Lote suspeito Oxford

Na fala, Bolsonaro mencionou a questão da vacina Oxford/AstraZeneca contra a covid-19. Países como Alemanha, Itália e França suspenderam o uso do imunizante por possíveis efeitos colaterais, como a formação de coágulos.

Bolsonaro, que apostou na vacina e importou a tecnologia para ser usada na Fiocruz, chamou a situação de “suspeita”. O Brasil também aplica o imunizante.

A Organização Mundial da Saúde garantiu que a vacina Oxford/AstraZeneca é segura.

As suspensões começaram após casos de morte por trombose na Dinamarca e na Áustria, e se ampliaram apesar de recomendações contrárias tanto da OMS (Organização Mundial da Saúde) quanto da EMA (agência regulatória europeia).

A Organização Mundial da Saúde nega que haja ligação comprovada entre os efeitos adversos e aplicação da vacina.
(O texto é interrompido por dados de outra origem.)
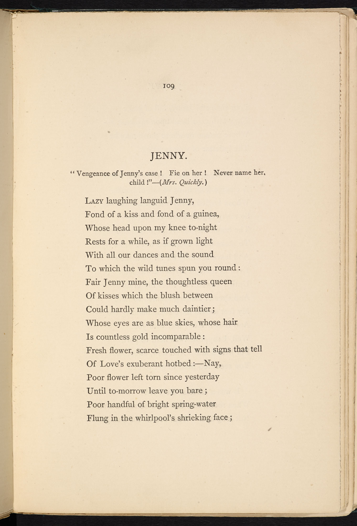 Most of the characters I have invented are based on characters created by other writers, or they are based on real writers’ lives. In some instances I’ve changed their names. For example, Robert Browning is the inspiration for Mr. Greenwood. Jenny Rosset is based on Dante Gabriel Rossetti’s poem Jenny. The portrayal of the use and abuse of opium is based on de Quincey’s Diary of an Opium Eater. Jane’s first novel is based on Rebecca.

Por isso, as pessoas não devem entrar em pânico.

Na terça-feira (16), a presidente da Fiocruz, que produz a vacina de Oxford no Brasil, minimizou a decisão dos países europeus. Para ela, houve cautela, mas é preciso observar os efeitos.

"É importantíssimo dizer que faz parte da cautela essa avaliação de todas as vacinas. Nós na Fiocruz temos ampla experiência com esse tipo de farmacovigilância e frisamos que tanto a agencia europeia EMA quanto a Organização Mundial da Saúde não recomendaram a interrupção da vacinação", afirmou durante reunião virtual da comissão externa da Câmara que acompanha as medidas de enfrentamento da Covid-19.